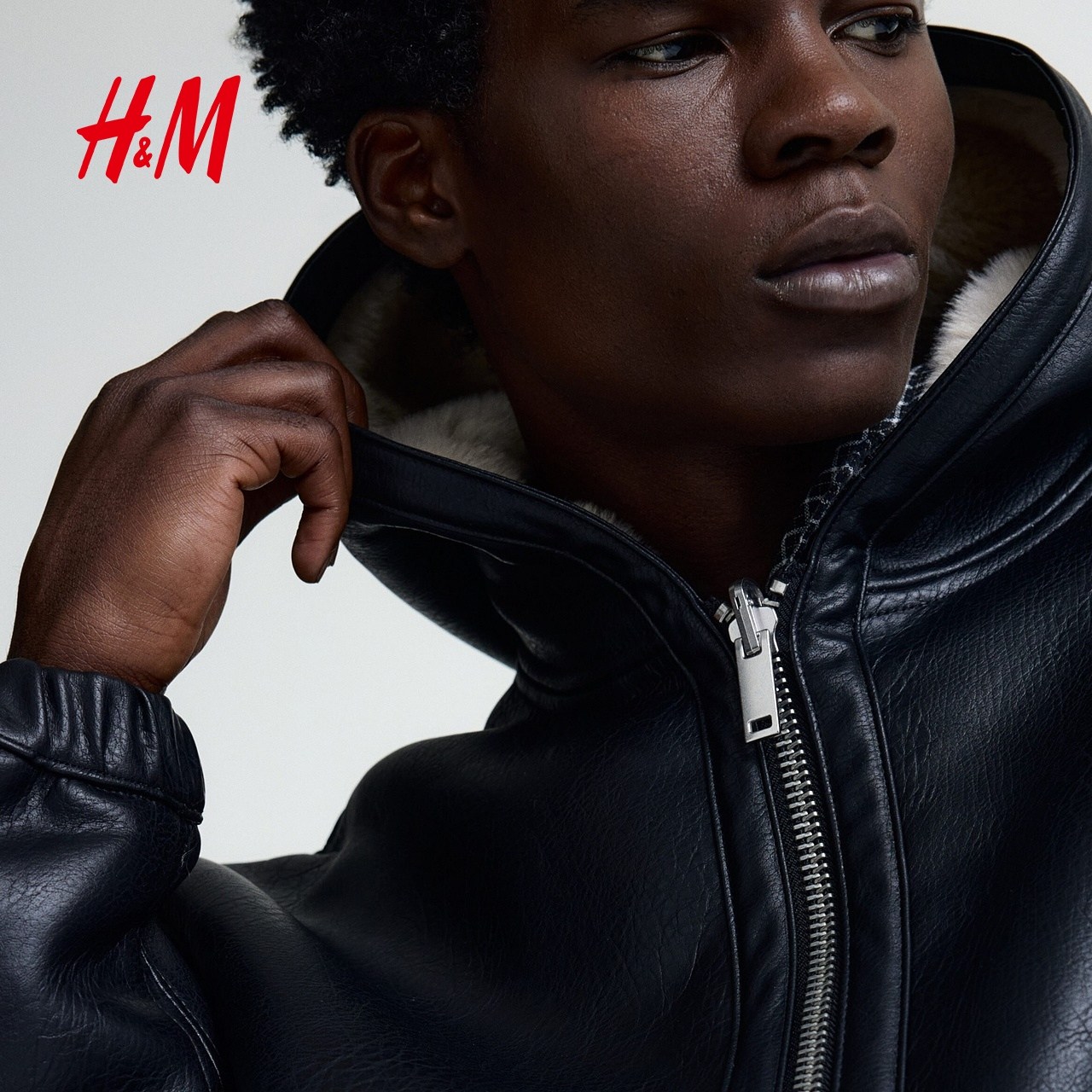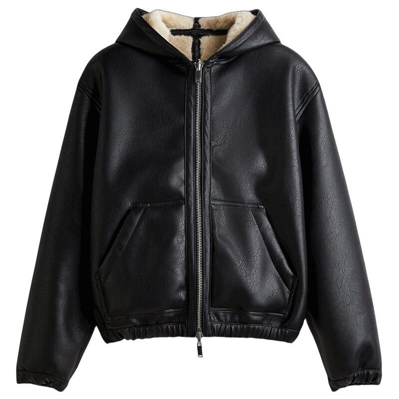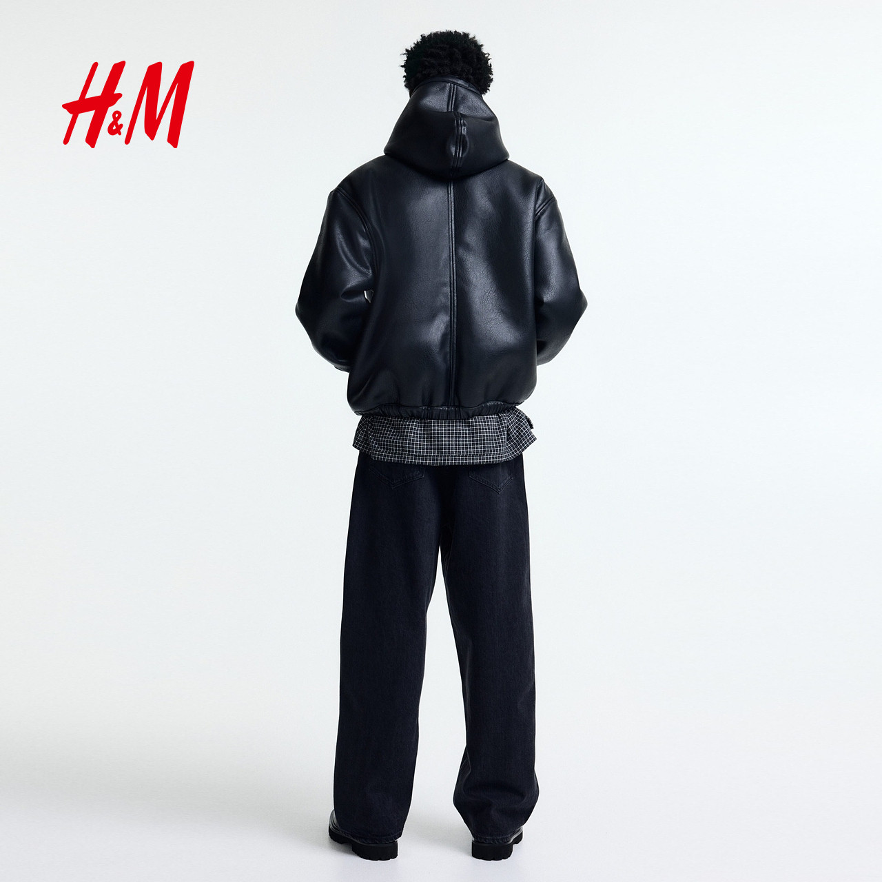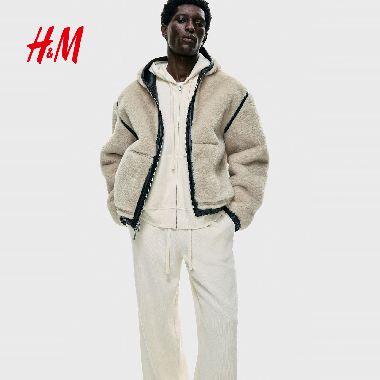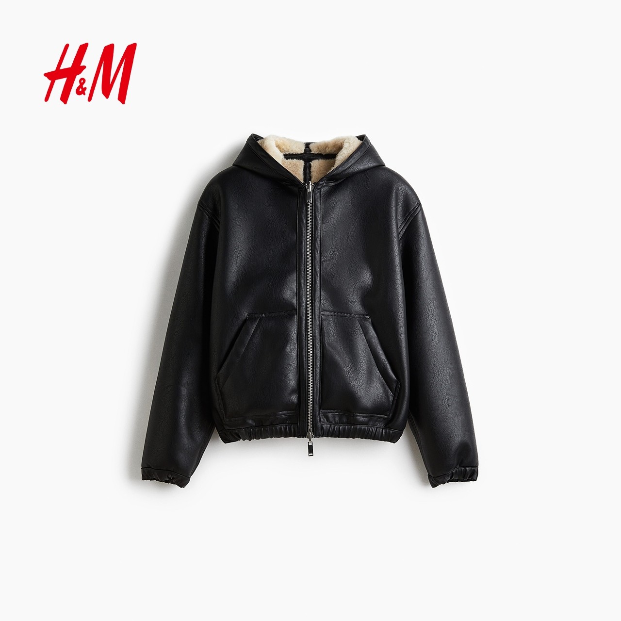 HM男装夹克冬季双面可穿户外保暖仿皮草冬装飞行员外套1295943
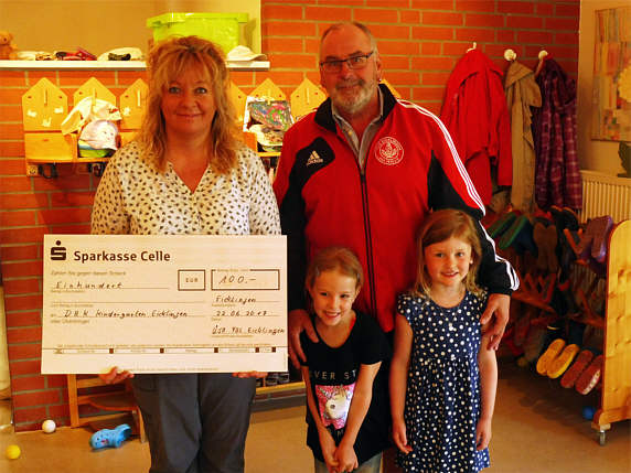 Die Ü50 Mannschaft des TUS Eicklingen spendete der Eicklinger DRK Kita „Rappelkiste“ den Erlös ihres Knobelabends. Die Spende über 100 € wurde vom Ü50-Trainer und Betreuer, Herrn Dietmar Willenberg, persönlich in der Kita überreicht. Die Freude der Kleinen war riesengroß als sie hörten, dass davon Fahrzeuge für das Außengelände des Kindergartens beschafft werden können.
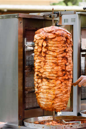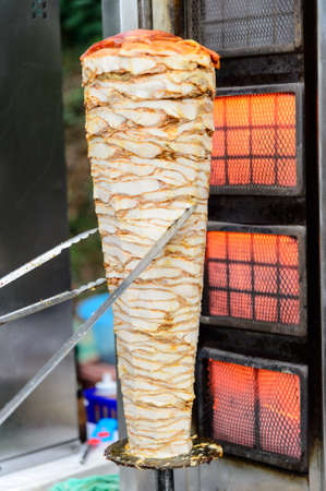 Traditional Turkish food Doner Kebab. Chicken meat grilled on the street
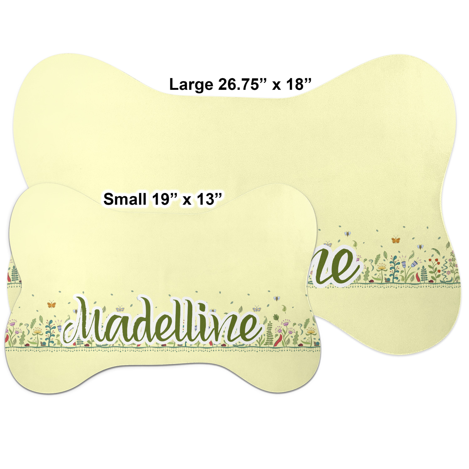 The bone-shaped dog bowl mat is the perfect way to add a touch of personality to your dog's eating area! Dogs make inevitable messes, especially when they eat and drink. Save the integrity of your floors and the time spent cleaning them by purchasing a personalized mat that catches spills!
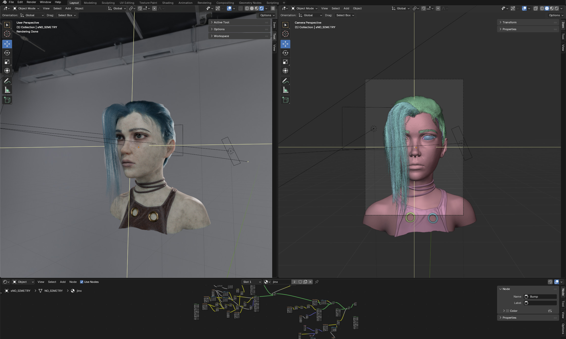 I don’t usually make characters, but I wanted to do a personal project and step out of my comfort zone. Made entirely in ZBrush and Blender. Composited in After Effects. The idea is to create a full-body shot, though I’ll need some time to finish it.
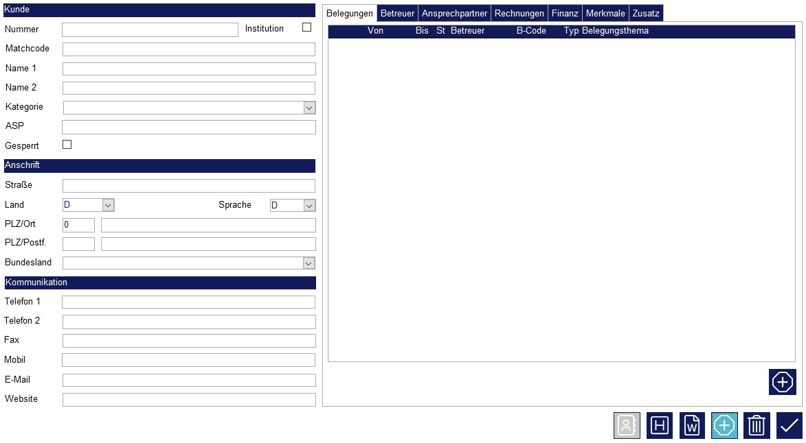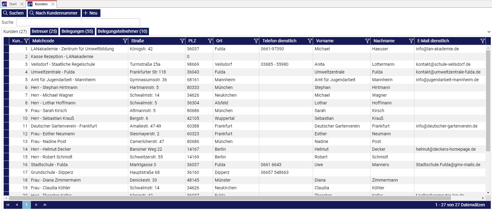 In diesem Fall wurden anhand des Suchbegriffs „Akademie“ 27 Kundendatensätze, 25 Betreuer, 55 Belegungen und 10 Belegungsteilnehmer gefunden. Für die Bereiche Kunden, Betreuer, Belegungen und Belegungsteilnehmer werden anhand des Suchbegriffs jeweils alle Felder durchsucht. Die Bemerkung „Nummer Akademie“ im Feld „Telefon dienstlich“ würde beispielsweise auch zu einem Treffer führen und somit den dazugehörigen Kundendatensatz anzeigen. Zusätzlich würden natürlich auch die BetreuerInnen und Belegungen dieses Kunden auf den zugehörigen Karteireitern angezeigt werden.
━━━━━━━━
Please copy the lines above, starting at the one that holds "I don’t usually" and stopping after the last line, exactly as they appear and minus the pictures.

■ Solution
 I don’t usually make characters, but I wanted to do a personal project and step out of my comfort zone. Made entirely in ZBrush and Blender. Composited in After Effects. The idea is to create a full-body shot, though I’ll need some time to finish it.
 In diesem Fall wurden anhand des Suchbegriffs „Akademie“ 27 Kundendatensätze, 25 Betreuer, 55 Belegungen und 10 Belegungsteilnehmer gefunden. Für die Bereiche Kunden, Betreuer, Belegungen und Belegungsteilnehmer werden anhand des Suchbegriffs jeweils alle Felder durchsucht. Die Bemerkung „Nummer Akademie“ im Feld „Telefon dienstlich“ würde beispielsweise auch zu einem Treffer führen und somit den dazugehörigen Kundendatensatz anzeigen. Zusätzlich würden natürlich auch die BetreuerInnen und Belegungen dieses Kunden auf den zugehörigen Karteireitern angezeigt werden.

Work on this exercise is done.